Boulder resident Dorothea Lee provides strategic and thoughtful art direction and graphic design, helping companies develop their brand and use elevated and cohesive visuals to speak to their target audience and achieve their business goals. She has designed for startups and nonprofits to agencies, consumer goods, and corporate Fortune 500s. Some past work includes Scholastic, Leblon Cachaça, and Think!Chinatown.

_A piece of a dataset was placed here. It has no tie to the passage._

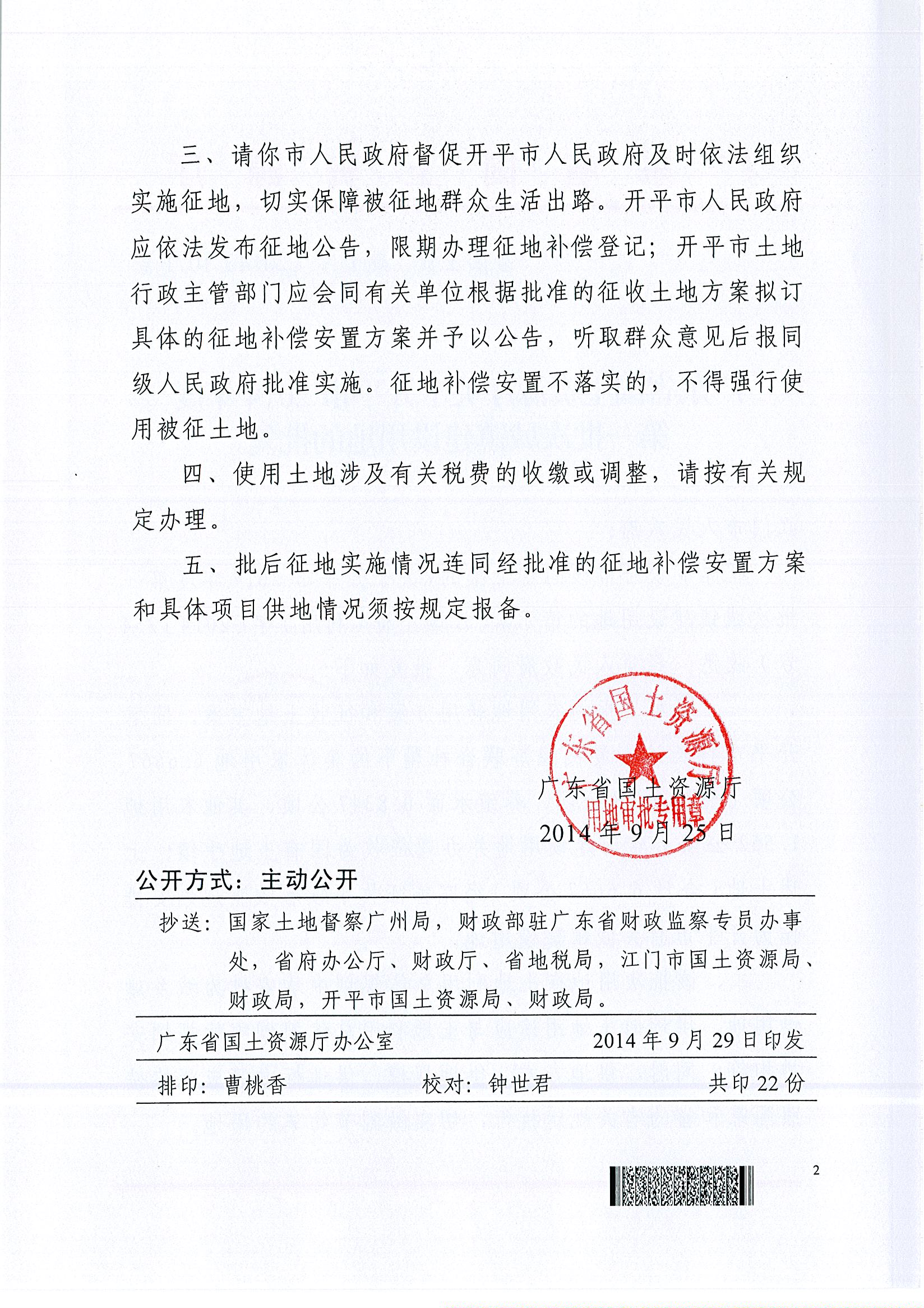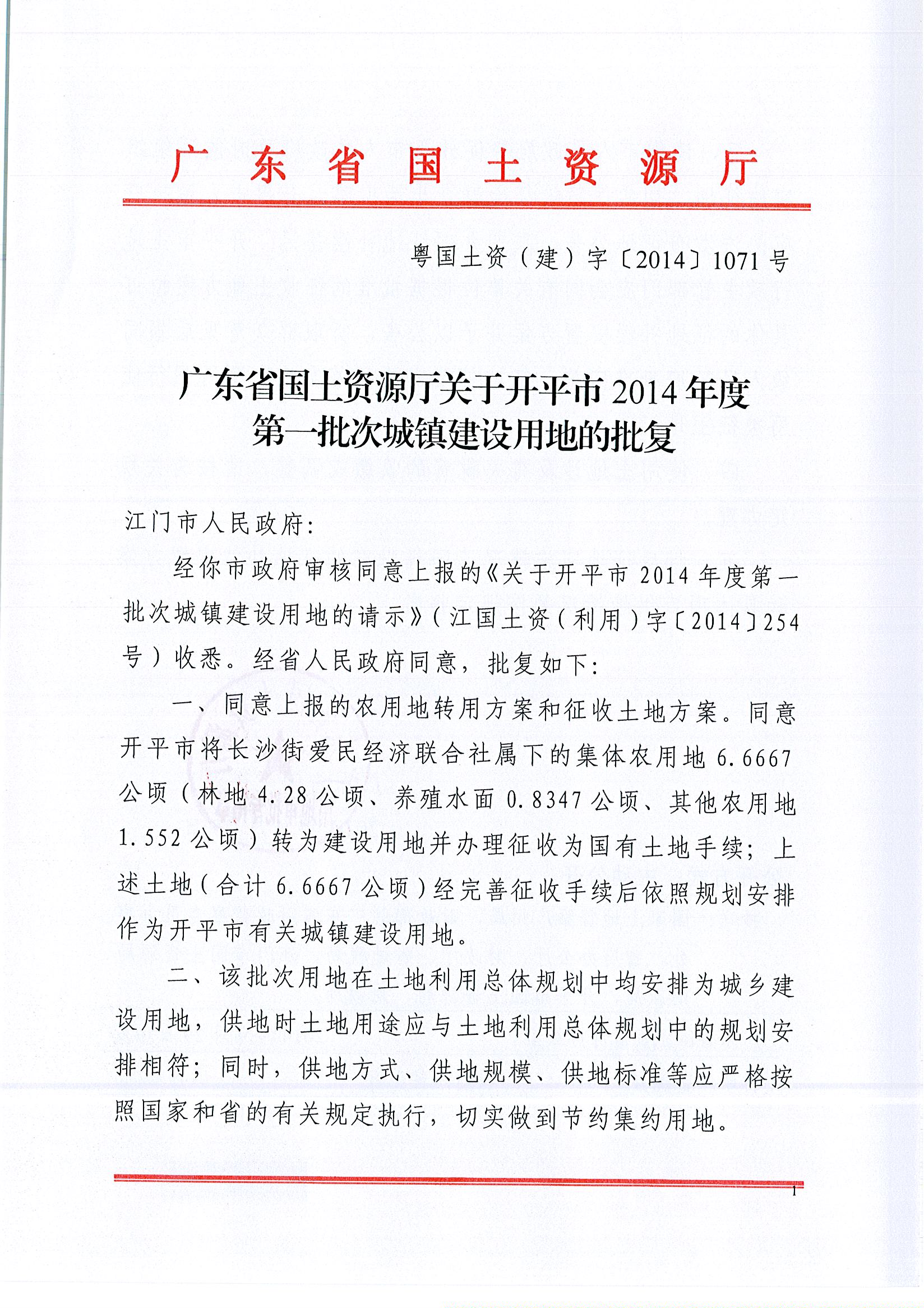 開平市2014年度第一批次城鎮(zhèn)建設(shè)用地的批復(fù)
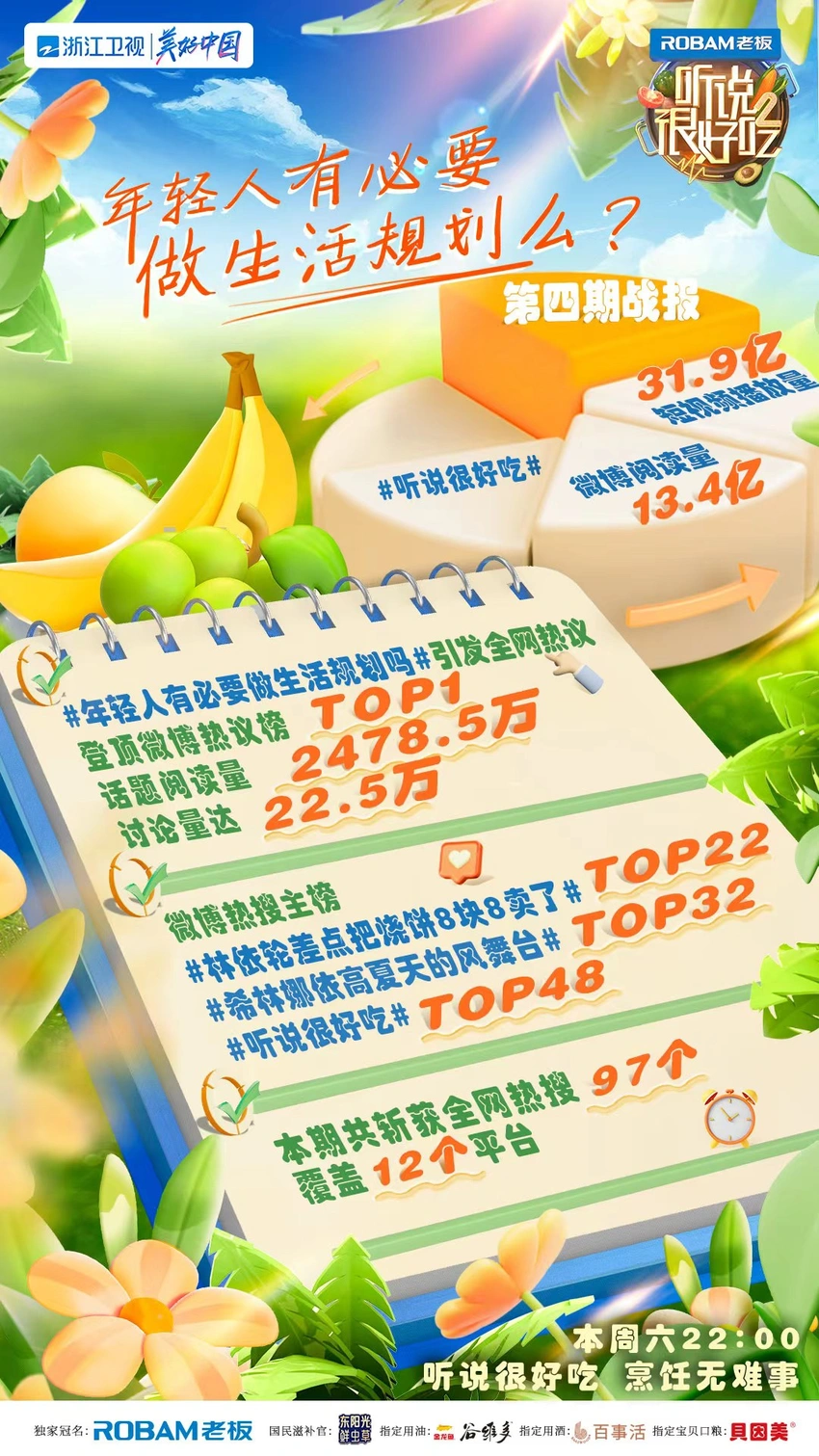 番組放送後、# 若者は生活計画をする必要がありますか# 全ネットで話題になりました。微博ブームランキングTOP 1にランクインし、話題の読書量は2478.5万人に達し、22.5万人が話題の討論に参加しました。# 林依輪は焼餅8枚を8枚で売りそうになりました# 微博ブーム検索主ランキングTOP 22,# 希林娜依高夏の風舞台# 微博検索主TOP 32に上陸しました。今まで、# おいしいと聞きました# 微博主話題の読書量は13.4億、ショートビデオ再生数は31.9億に達しました。今期は全網熱検索97個を獲得し、12個のプラットフォームをカバーした。

How would you describe your job?

As a one-woman company, I do everything from the design work to the pitching, project management, and admin tasks. Every day and week are different depending on the client and the projects, and I view this variety as a positive for keeping me on my toes and the creativity flowing!

What advice do you have for students curious about graphic design?

Design from a place of curiosity and empathy—recognizing assumptions and asking good questions deepen understanding and help you connect with your client and audience on a much better level, which only helps you make better design choices.

As a Chinese American woman designer of 15+ years, Lee has fought against the societal expectations of what her ethnicity and gender should mean in the workplace. She believes diverse voices and leadership are imperative in the art and design industry.

What do you love about this work?

I love the satisfaction of creatively and visually solving complex problems with others, and learning more about every subject I design around in the process. The thing I’ve been appreciating most recently, however, is finding that there is space for leaning into my identity, and that it has actually furthered the success of projects.

Being intersectional and keeping my own world diverse enables me to better empathize and represent minority groups in the materials I design. Some of the work I’m most proud of include a children’s book that won approval of a First Nations leader and a bilingual series that includes a wider spectrum of people and abilities not evident in the original manuscript. Even turning down opportunities that don’t fit me has given me a better appreciation of my own identity, the many ways we’re beautifully different, and excitement about finding room for others.

What are your hobbies/interests?

I love nature and travel, exploring personal projects, thrifting, and my derpy rescue dog Toby Falkorson.